About this exercise. Starting at the line with "The backpack is" and stopping at the final line, retype the data below exactly; do not carry over any pictures.
===
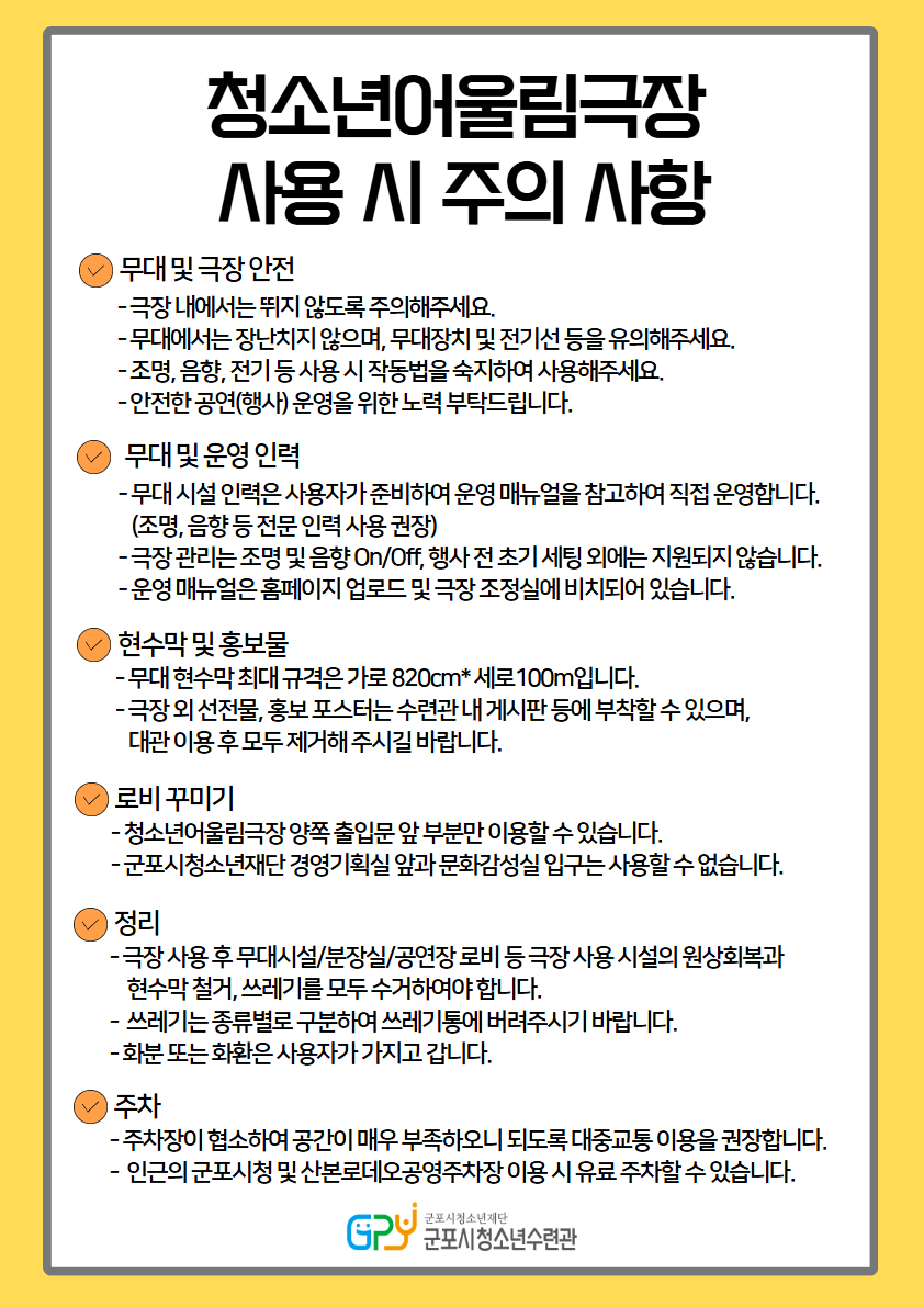 어울림극장_정기 대관 안내문.jpg 어울림극장 사용 주의사항1.jpg 어울림극장 사용 주의사항2.jpg 어울림극장 배치도.jpg (1227)청소년 극장 메뉴얼.pdf
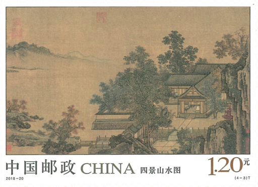 《四景山水图》卷,绢本,设色,纵40厘米,横69厘米。藏于故宫博物院。作者刘松年,南宋宫廷画院画家,“南宋四大家”之一。《四景山水图》邮票一套四枚,选取了南宋宫廷画家刘松年所作《四景山水图》卷中的四段,描绘了南宋都城临安(今浙江杭州)的庭院别墅,表现了此时期山湖楼阁中士大夫的闲逸生活。
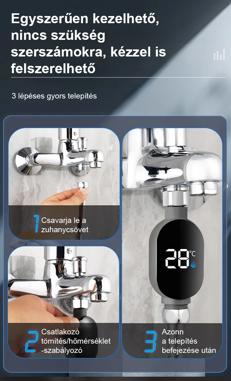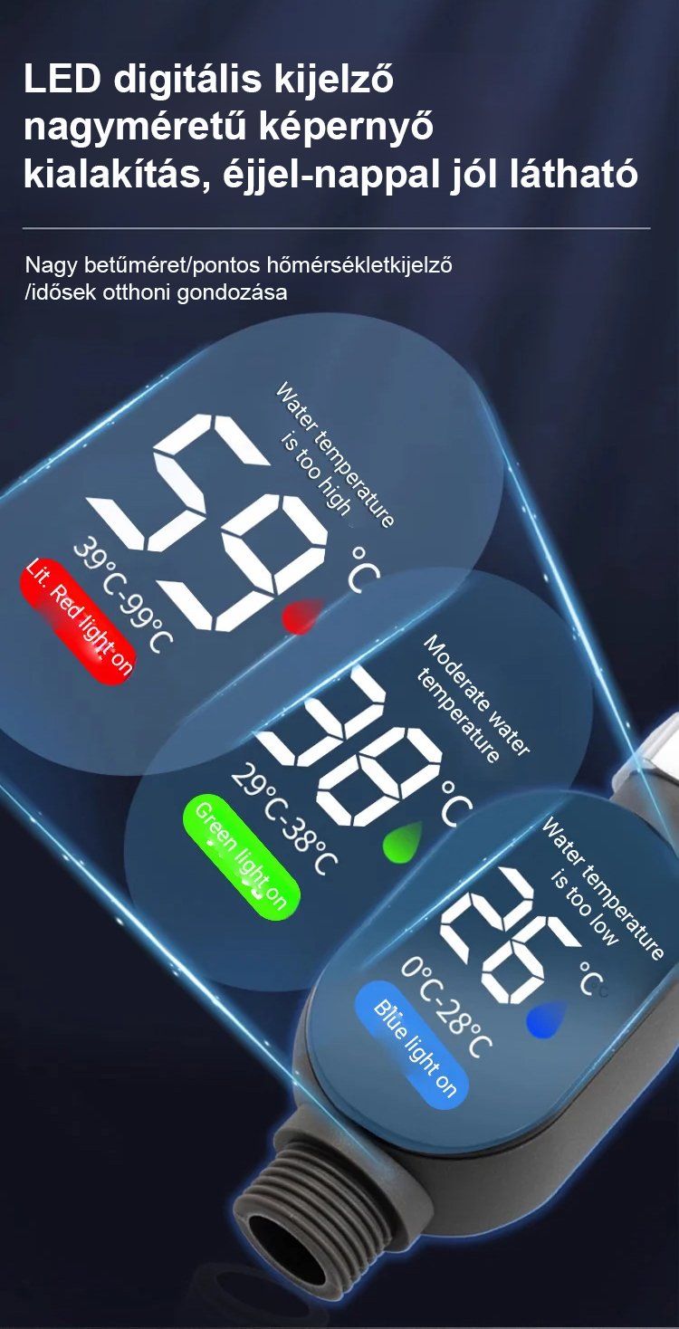 Csaptelep hőmérő zuhanyzó univerzális vízhőmérséklet-szabályozó látható intelligens
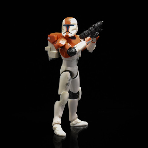 The backpack is also cast in white with more orange added over the top of the main section. There are also two silver-painted panels lower down. Unlike the original 3.75-inch Clone COmmando, the pack on this larger 6-inch version is a solid piece and does not open - this would have been a cool function to include!
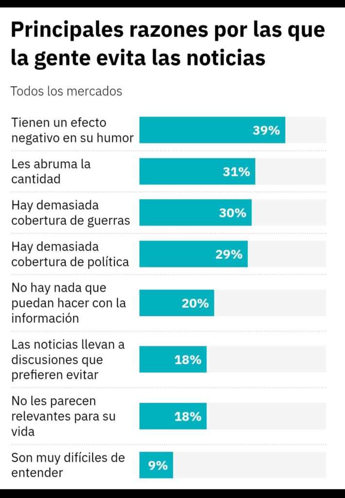 En conjunto, un 60% de los encuestados menciona razones vinculadas al exceso de cobertura, y un 44% específicamente a la saturación de temas políticos y bélicos. Otras razones incluyen evitar discusiones (25%), sentir que la información no es útil (20%), no entender las noticias (7%) o no considerarlas relevantes (16%).
===
Exercise answer.
 The backpack is also cast in white with more orange added over the top of the main section. There are also two silver-painted panels lower down. Unlike the original 3.75-inch Clone COmmando, the pack on this larger 6-inch version is a solid piece and does not open - this would have been a cool function to include!
 En conjunto, un 60% de los encuestados menciona razones vinculadas al exceso de cobertura, y un 44% específicamente a la saturación de temas políticos y bélicos. Otras razones incluyen evitar discusiones (25%), sentir que la información no es útil (20%), no entender las noticias (7%) o no considerarlas relevantes (16%).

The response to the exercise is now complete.